__REQUIRED ACTION__:
In the records below, repeat exactly the lines between the line holding "Among the others" and the line holding "今回の生地は大柄で存在感のあ", inclusive, and drop the pictures.

━━ INPUT DATA ━━

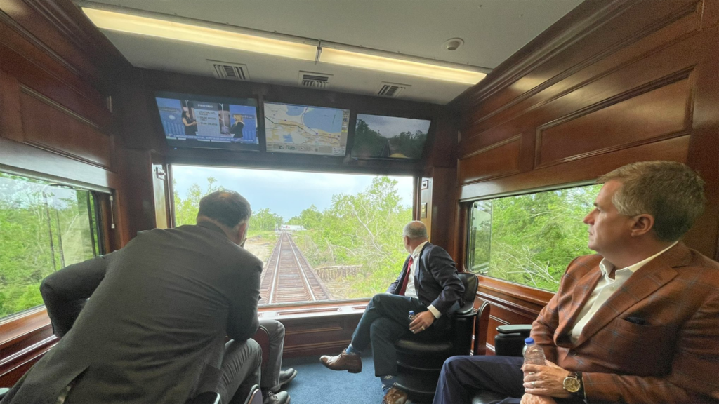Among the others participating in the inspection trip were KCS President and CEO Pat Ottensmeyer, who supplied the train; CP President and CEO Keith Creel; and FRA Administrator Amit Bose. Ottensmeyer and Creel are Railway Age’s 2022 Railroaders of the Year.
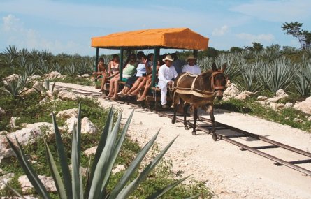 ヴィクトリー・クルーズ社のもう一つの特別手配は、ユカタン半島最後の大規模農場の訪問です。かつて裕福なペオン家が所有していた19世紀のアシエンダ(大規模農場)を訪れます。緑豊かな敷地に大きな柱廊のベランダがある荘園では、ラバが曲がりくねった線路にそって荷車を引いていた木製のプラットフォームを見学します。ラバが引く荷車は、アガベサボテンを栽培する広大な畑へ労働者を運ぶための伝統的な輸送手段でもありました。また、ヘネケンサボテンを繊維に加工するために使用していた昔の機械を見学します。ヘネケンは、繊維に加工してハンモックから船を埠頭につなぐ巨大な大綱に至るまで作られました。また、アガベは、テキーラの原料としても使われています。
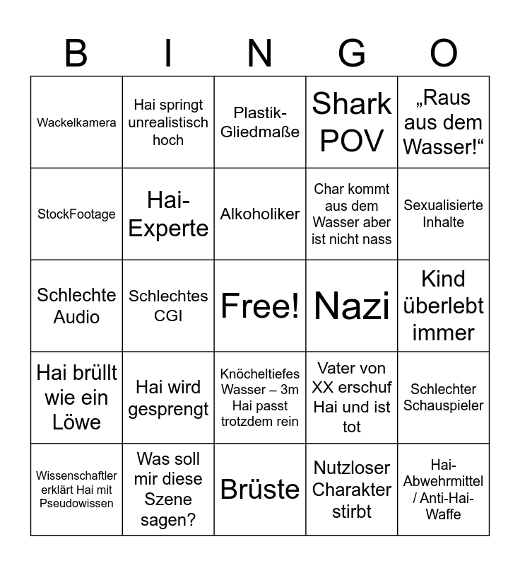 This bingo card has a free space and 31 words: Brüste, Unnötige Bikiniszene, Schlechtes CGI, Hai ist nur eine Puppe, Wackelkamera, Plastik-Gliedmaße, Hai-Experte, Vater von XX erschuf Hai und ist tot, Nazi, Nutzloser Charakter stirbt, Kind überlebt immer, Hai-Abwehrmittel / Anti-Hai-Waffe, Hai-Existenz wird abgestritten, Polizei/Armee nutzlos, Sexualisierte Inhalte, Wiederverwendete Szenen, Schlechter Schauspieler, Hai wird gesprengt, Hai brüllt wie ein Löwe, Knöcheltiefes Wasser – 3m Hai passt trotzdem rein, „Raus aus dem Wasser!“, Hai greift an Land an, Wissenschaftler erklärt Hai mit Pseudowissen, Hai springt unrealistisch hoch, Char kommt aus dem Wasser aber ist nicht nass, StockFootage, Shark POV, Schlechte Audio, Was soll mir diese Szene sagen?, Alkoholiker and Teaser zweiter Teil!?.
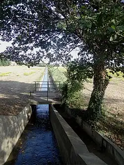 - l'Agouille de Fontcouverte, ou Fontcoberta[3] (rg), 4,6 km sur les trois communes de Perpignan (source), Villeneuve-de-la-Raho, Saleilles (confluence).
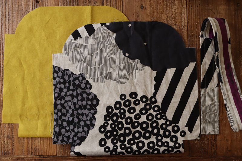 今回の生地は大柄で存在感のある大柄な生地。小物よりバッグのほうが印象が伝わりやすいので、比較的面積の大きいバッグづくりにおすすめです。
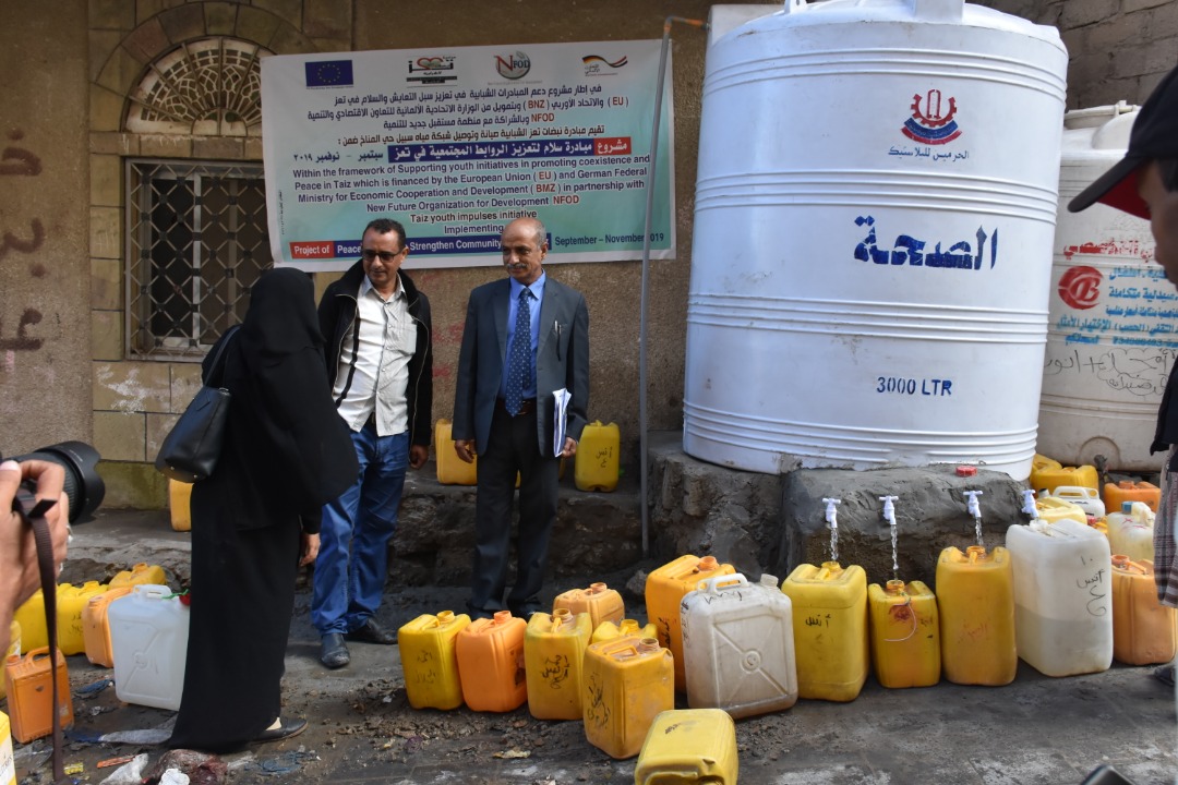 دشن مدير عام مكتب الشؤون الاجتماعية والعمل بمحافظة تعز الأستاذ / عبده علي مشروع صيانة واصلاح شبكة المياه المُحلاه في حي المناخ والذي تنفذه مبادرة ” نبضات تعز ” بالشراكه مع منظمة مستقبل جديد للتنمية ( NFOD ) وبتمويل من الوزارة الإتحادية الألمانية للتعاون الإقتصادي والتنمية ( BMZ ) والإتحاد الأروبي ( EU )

━━━
━━ INPUT DATA ━━

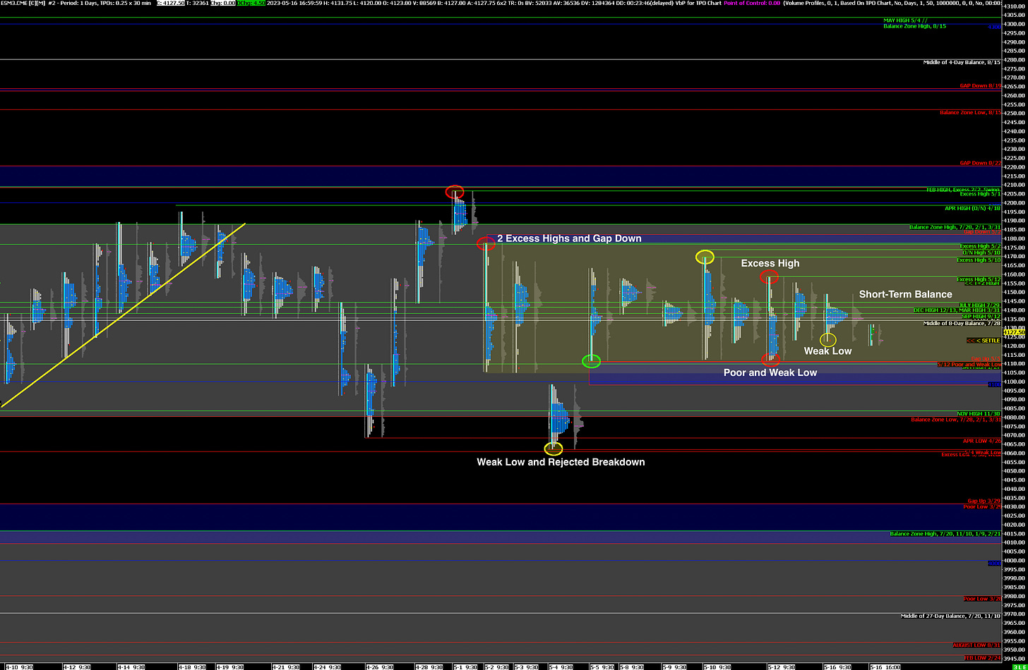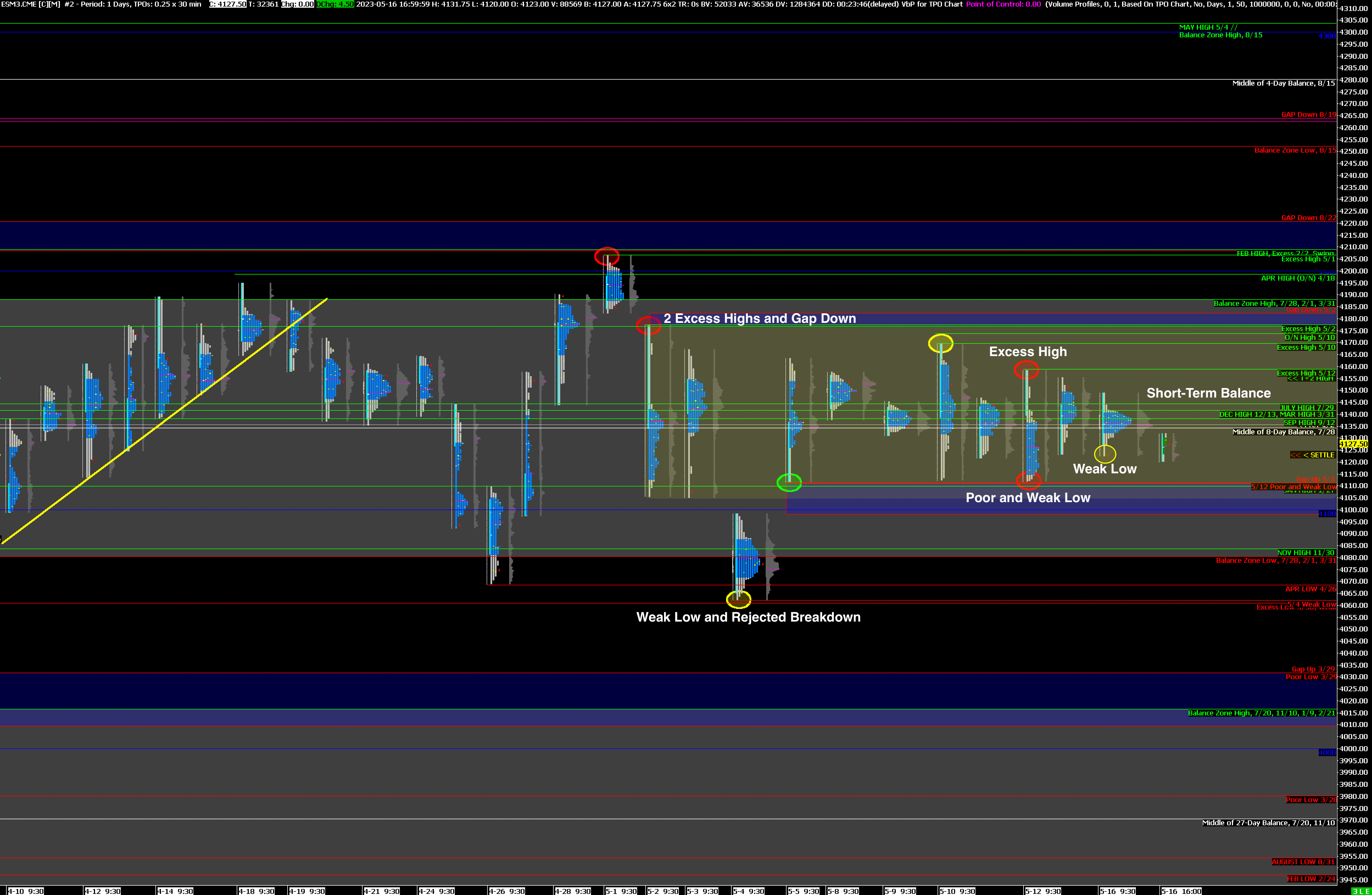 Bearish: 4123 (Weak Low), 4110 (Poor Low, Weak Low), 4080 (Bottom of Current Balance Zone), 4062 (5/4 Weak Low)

━━━

__RESULT__:
Among the others participating in the inspection trip were KCS President and CEO Pat Ottensmeyer, who supplied the train; CP President and CEO Keith Creel; and FRA Administrator Amit Bose. Ottensmeyer and Creel are Railway Age’s 2022 Railroaders of the Year.
 ヴィクトリー・クルーズ社のもう一つの特別手配は、ユカタン半島最後の大規模農場の訪問です。かつて裕福なペオン家が所有していた19世紀のアシエンダ(大規模農場)を訪れます。緑豊かな敷地に大きな柱廊のベランダがある荘園では、ラバが曲がりくねった線路にそって荷車を引いていた木製のプラットフォームを見学します。ラバが引く荷車は、アガベサボテンを栽培する広大な畑へ労働者を運ぶための伝統的な輸送手段でもありました。また、ヘネケンサボテンを繊維に加工するために使用していた昔の機械を見学します。ヘネケンは、繊維に加工してハンモックから船を埠頭につなぐ巨大な大綱に至るまで作られました。また、アガベは、テキーラの原料としても使われています。
 This bingo card has a free space and 31 words: Brüste, Unnötige Bikiniszene, Schlechtes CGI, Hai ist nur eine Puppe, Wackelkamera, Plastik-Gliedmaße, Hai-Experte, Vater von XX erschuf Hai und ist tot, Nazi, Nutzloser Charakter stirbt, Kind überlebt immer, Hai-Abwehrmittel / Anti-Hai-Waffe, Hai-Existenz wird abgestritten, Polizei/Armee nutzlos, Sexualisierte Inhalte, Wiederverwendete Szenen, Schlechter Schauspieler, Hai wird gesprengt, Hai brüllt wie ein Löwe, Knöcheltiefes Wasser – 3m Hai passt trotzdem rein, „Raus aus dem Wasser!“, Hai greift an Land an, Wissenschaftler erklärt Hai mit Pseudowissen, Hai springt unrealistisch hoch, Char kommt aus dem Wasser aber ist nicht nass, StockFootage, Shark POV, Schlechte Audio, Was soll mir diese Szene sagen?, Alkoholiker and Teaser zweiter Teil!?.
 - l'Agouille de Fontcouverte, ou Fontcoberta[3] (rg), 4,6 km sur les trois communes de Perpignan (source), Villeneuve-de-la-Raho, Saleilles (confluence).
 今回の生地は大柄で存在感のある大柄な生地。小物よりバッグのほうが印象が伝わりやすいので、比較的面積の大きいバッグづくりにおすすめです。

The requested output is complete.